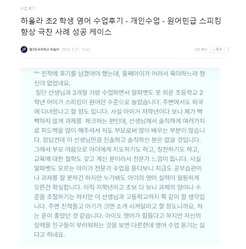 하올라 초2 학생 영어 수업후기 - 개인수업 - 원어민급 스피킹 향상 극찬 사례 성공 케이스
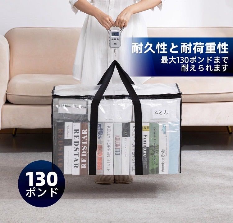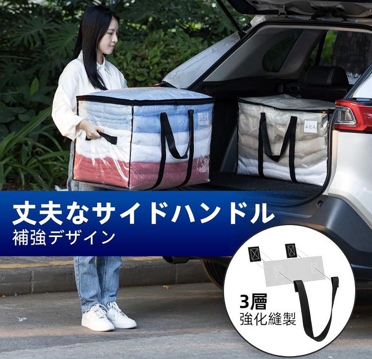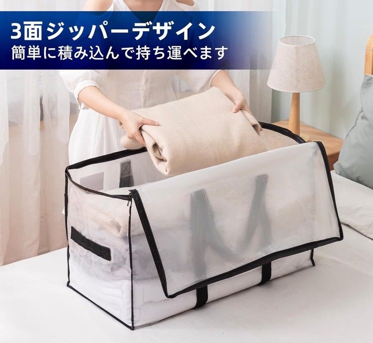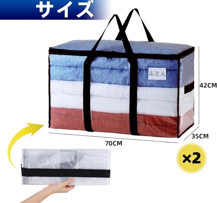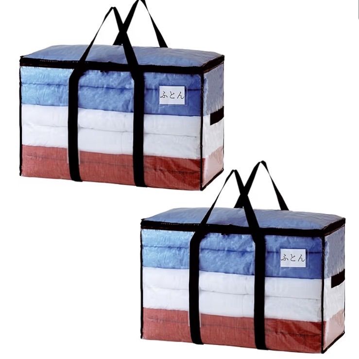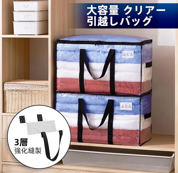 大きいバッグ 布団収納袋 引越しバッグ 収納ケース 特大容量 透明窓 持ち手付き 衣装ケース 洋服 羽毛布団 防塵防水 折りたたみ式 カバン 省スペース 引っ越し 背負える キャンプ 旅行 耐荷重 透明 2個セット 100L
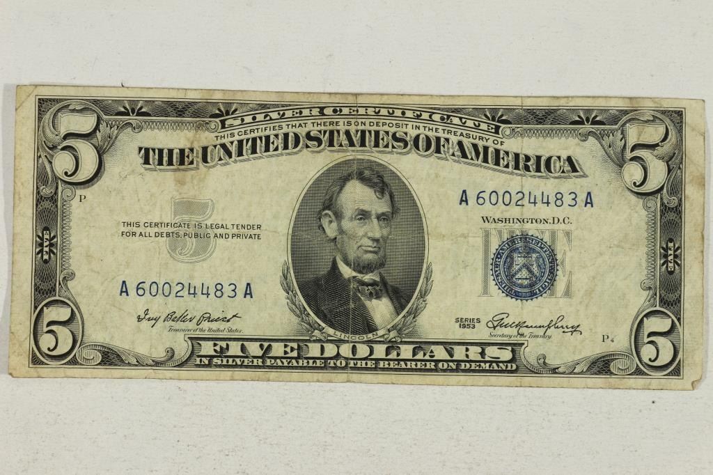1953 $5 SILVER CERTIFICATE BLUE SEAL
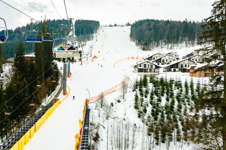 Lift and ski slope with skiers below it on a sunny winter day with blue sky, ski resort Bukovel. 2019

***

Word-for-word transcript, pictures excluded: copy all the material above.

 하올라 초2 학생 영어 수업후기 - 개인수업 - 원어민급 스피킹 향상 극찬 사례 성공 케이스
 大きいバッグ 布団収納袋 引越しバッグ 収納ケース 特大容量 透明窓 持ち手付き 衣装ケース 洋服 羽毛布団 防塵防水 折りたたみ式 カバン 省スペース 引っ越し 背負える キャンプ 旅行 耐荷重 透明 2個セット 100L
1953 $5 SILVER CERTIFICATE BLUE SEAL
 Lift and ski slope with skiers below it on a sunny winter day with blue sky, ski resort Bukovel. 2019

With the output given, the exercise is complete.